Im ersten Beitrag »Affective Neuroscience« gibt Laura Otis einen instruktiven Überblick über die neurowissenschaftliche Emotionsforschung seit Ende des 19. Jahrhunderts und geht auch auf Kritik ein (z.B. Grubbs). Ihre Forschung basiert auf Arbeiten von G. Gabrielle Starr »by using craft analysis to examine fiction writers’ evocations of multisensory imagery«. (21) Das Verfahren der »craft analysis« ist in der deutschen Literaturwissenschaft bislang unbekannt. Die ›Schreibtechnik-Analyse‹ kommt aus dem an US-amerikanischen Universitäten etablierten creative writing-Umfeld. Mittlerweile hat sich ein eigenes Publikationsfeld zur Schreibtechnik entwickelt, das auch Emotionen in den Mittelpunkt stellt, z.B. The Emotion Thesaurus.
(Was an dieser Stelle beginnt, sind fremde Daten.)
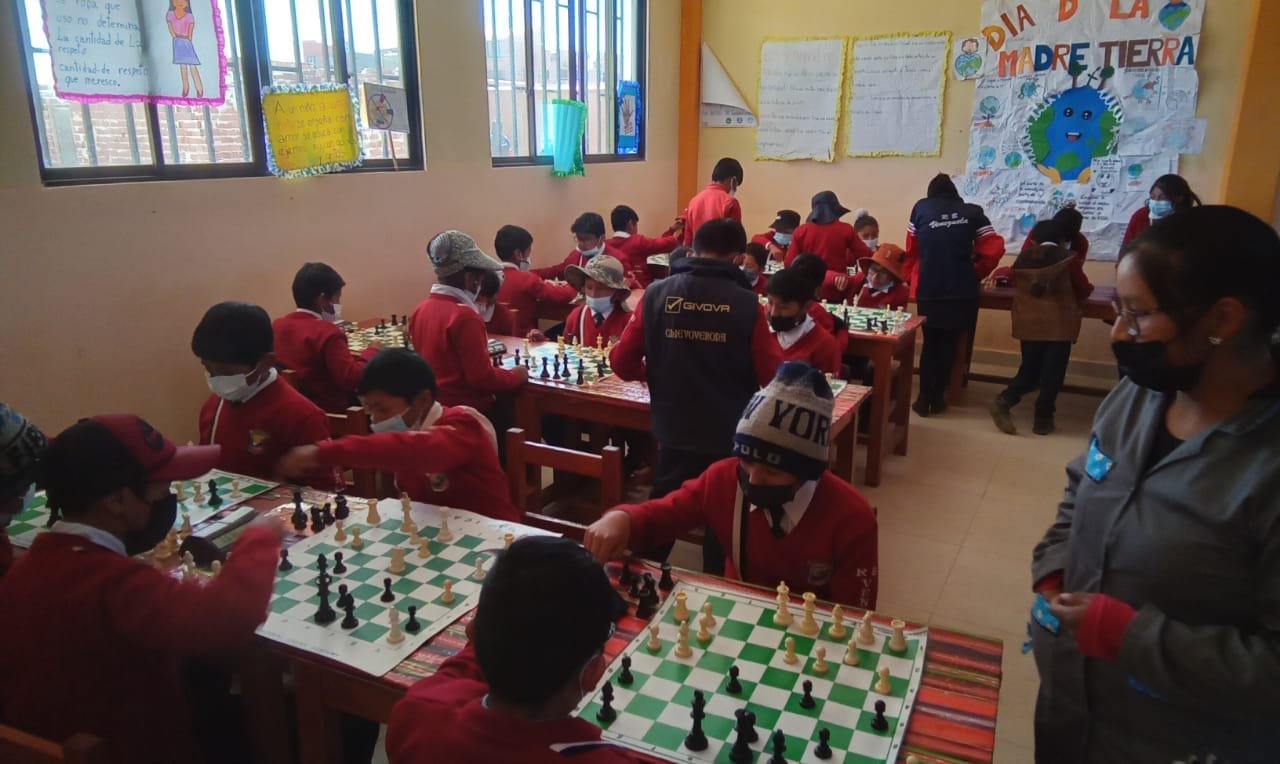YAMIL CHOQUE MERCADO – DALE.-Del 10 al 12 de agosto 110.887 de 6.196 unidades educativas fiscales y particulares de todo el país participaron en la primera ronda del torneo ‘Jaque Mate a la Violencia’Más de 100.00 estudiantes de Primaria y Secundaria participaron en la fase Intercolegial del torneo Nacional de ajedrez “Jaque Mate a la Violencia” organizado por el Ministerio de Educación que el jueves concluyó con la etapa Distrital.Del 10 al 12 de agosto se llevó adelante la primera fase de este certamen que se convocó el 20 de julio por el Día Mundial de Ajedrez y con el objetivo de promover la práctica del ajedrez y la reducción de la violencia, en los estudiantes de educación Primaria Comunitaria y Vocacional y Secundaria Comunicatoria Productiva.Según los datos ofrecidos por el Ministerio de Educación la primera ronda tuvo la presencia de 110.887 de 6.196 unidades educativas fiscales y particulares.Hubo 71.922 estudiantes varones y 38.965 estudiantes mujeres.El desglose por departamentos fue el siguiente: “en Beni participaron 2.895 estudiantes; en Chuquisaca 5.980; en Cochabamba 9.089; en La Paz 48.737; en Oruro 5.641; en Pando 2.913; en Potosí 10.465; en Santa Cruz 19.000; y en Tarija 6.167”, detalla el comunicado de prensa de la cartera gubernamental.“Estamos muy contentos con la gran cantidad de estudiantes que participaron en nuestro torneo de ajedrez. Son casi 111 mil niñas, niños y jóvenes, que fueron parte de esta actividad que no solo promueve la práctica de este deporte ciencia, sino también de la promoción de mensajes contra todo acto de violencia”, manifestó el viceministro de Educación Regular, Bartolomé Puma. Desde el martes hasta el jueves se jugó la fase Distrital con dos clasificados de cada colegio que disputaban un cupo para la ronda Departamental, que a su vez clasificó un jugador a la Nacional en cada una de las categorías de Primaria y Secundaria en damas y varones. La Departamental se realizará del 7 al 9 de septiembre y la Nacional se desarrollará del 19 al 21 del mismo mes en Cochabamba. Navegación de entradasLa ‘armada’ boliviana está lista para ganar el Rally Santa Cruz Nueva caída de Royal Pari; perdió 3-0 ante Bolívar en La Paz
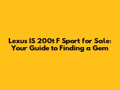 Hey car enthusiasts! Are you on the hunt for a stylish, sporty, and reliable ride? Look no further, because the Lexus IS 200t F Sport is here to steal your heart! This car blends luxury with performance, offering an exhilarating driving experience that’s hard to beat. But where do you even start looking when you're in the market for a Lexus IS 200t F Sport for sale? Don't worry, guys, I've got you covered. This guide will walk you through everything you need to know, from understanding what makes the F Sport trim special to finding the best deals and ensuring you're making a smart purchase.

A Writer’s Guide to Character Expression (2012), ein weitverbreitetes writing-craft-book von Angela Ackermann und Becca Puglisi.[1] Der Begriff craft wird in der einschlägigen literaturwissenschaftlichen Forschung und der creative writer-community auch style oder technique gleichgesetzt bzw. als craft technique analysiert. Im Unterschied zur literary analysis soll mit der craft analysis die Schreibtechnik des Autors/der Autorin ohne Interpretation untersucht werden. Aus Perspektive der deutschen Literaturwissenschaft ähnelt das Verfahren der Stilanalyse. Otis sieht ein großes Potential darin, die Schreibtechnik-Analyse der creative writer-community, literaturwissenschaftliche Interpretationen und naturwissenschaftlich-empirische Studien gleichberechtigt zur Untersuchung menschlicher Emotionen einzusetzen. Dabei kehrt sie das übliche hierarchische Verhältnis von Literaturwissenschaft und Naturwissenschaft um. Die Neurowissenschaft kann durch die literarische Schreibtechnik-Analyse lernen: »Literary craft analysis, which explores how writers create artistic effects, offers a rich resource for neuroscientists who study emotions.« (15)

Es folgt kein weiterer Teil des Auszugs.